O efeito alquímico do movimento está vivo porque, graças
à preservação dos seus ensinamentos originais, ele não se afastou por completo da
influência dos Mestres de Sabedoria.
Em todo ambiente probatório há algo que se pode descrever
como febre cármica. O absurdo - ou aquilo que se considera
como absurdo - deve ser reconhecido pelo aprendiz bem informado como parte da
realidade diária, e colocado dentro do marco de referência incondicional da
fraternidade, isto é, do humilde respeito a todos os seres.
As dinâmicas ilusórias do medo, da raiva, da frustração, da
ambição e de outros sentimentos inferiores devem ser compreendidas, para que desapareça
o seu poder de hipnotizar o estudante desde o subconsciente.
Cada forma errada de vibração da alma deve ser compensada
por uma forma oposta e correta de vibração.
No convívio entre as pessoas, a distância ótima deve ser
estabelecida reciprocamente.
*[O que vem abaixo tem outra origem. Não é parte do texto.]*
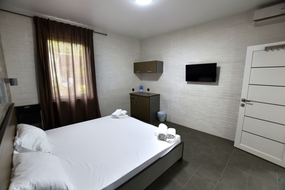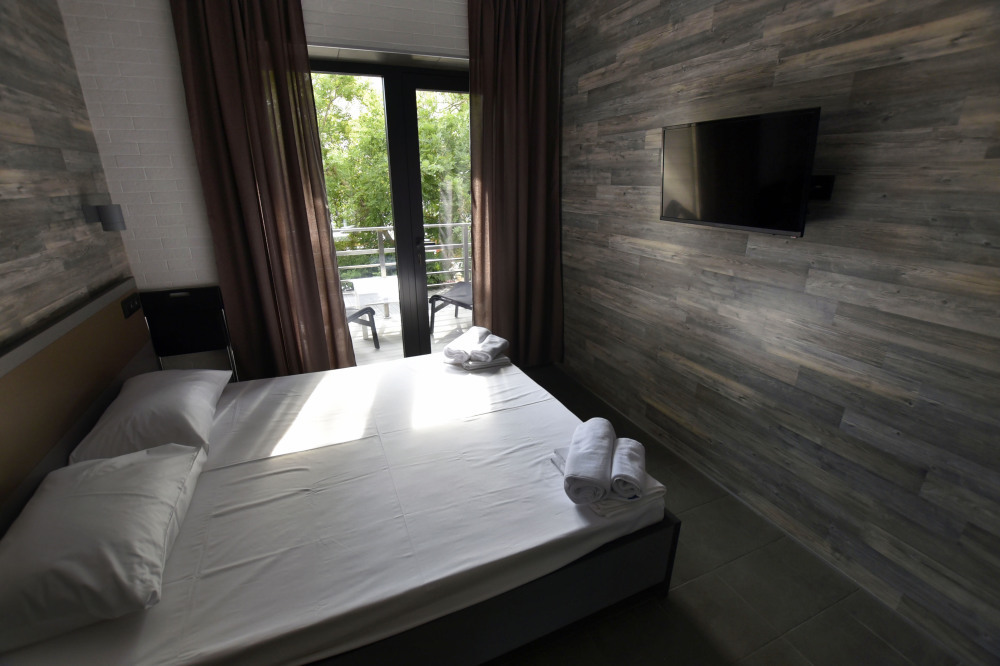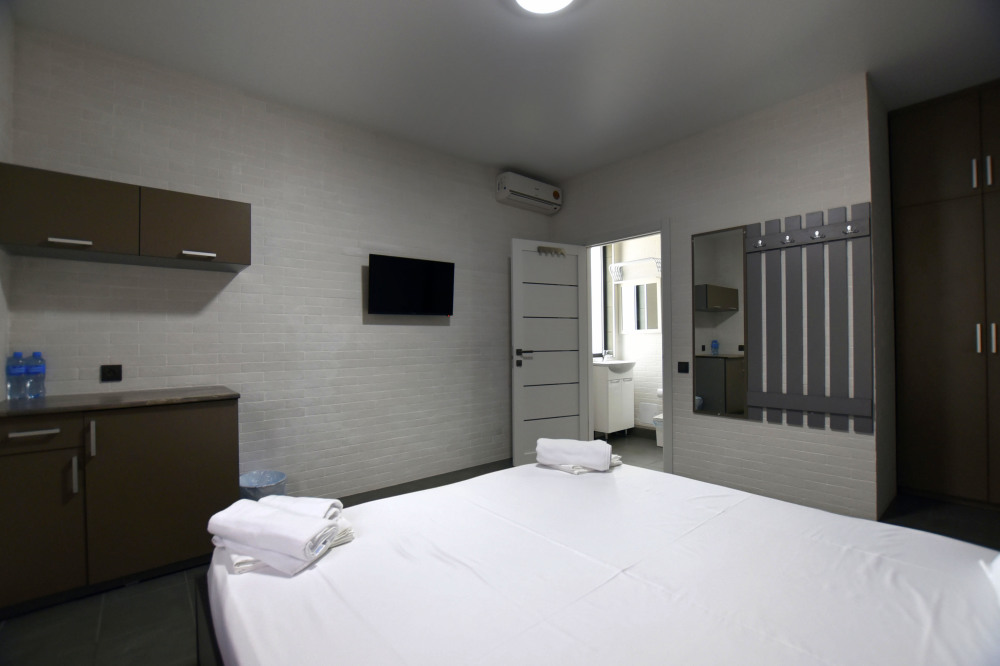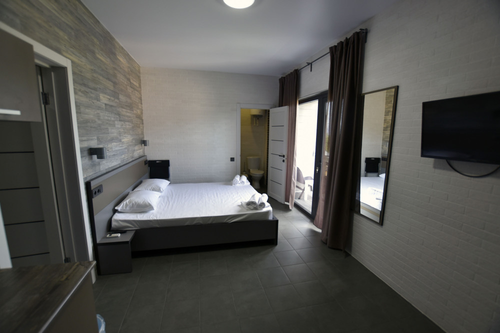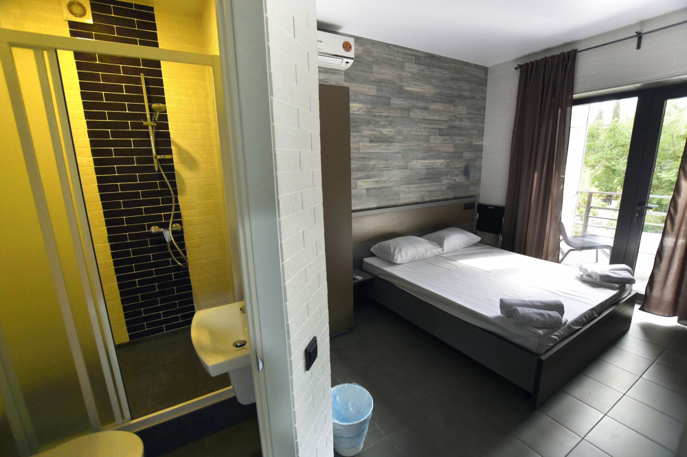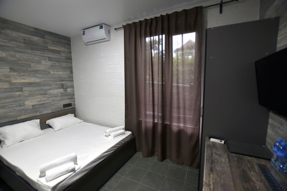 Нашим гостям мы предлагаем 9 комфортабельных 2,3,4-местных номеров (площадь каждого номера 25- 40 кв.м.), пять из которых, имеют террасы и оборудованы набором уличной мебели. Все номера оборудованы современными санузлами (фен, гостиничная парфюмерия). Интерьер и экстерьер здания выполнен в стиле модерн, сочетая при этом удобство, функциональность и простоту. Кроме прочего, на территории есть общая кухня для самостоятельного приготовления пищи, а так же беседки, и зоны отдыха.

A distância
adequada será dinâmica, aumentando e diminuindo conforme as necessidades e
possibilidades da evolução da alma.
O Progresso Segundo
a Teosofia
Pouco depois de criar a sua Escola Esotérica, H.P.
Blavatsky passou a enfrentar o amplo despreparo dos seus alunos. A ética e o discernimento
eram precários, e ela constatou:
“Assim como o indivíduo vê as imperfeições do seu rosto
ao olhar um espelho, assim também, manter diante de vocês a imagem brilhante
dos Esoteristas verdadeiros e avançados foi o suficiente para revelar aos mais
sinceros entre vocês as suas próprias falhas. A revelação é tão impressionante
que alguns dos melhores membros da E.E., precipitando-se indevidamente,
quiseram romper sua ligação e abandonar o ‘caminho’.” [10]
O “efeito espelho” se aplica a todas as relações humanas.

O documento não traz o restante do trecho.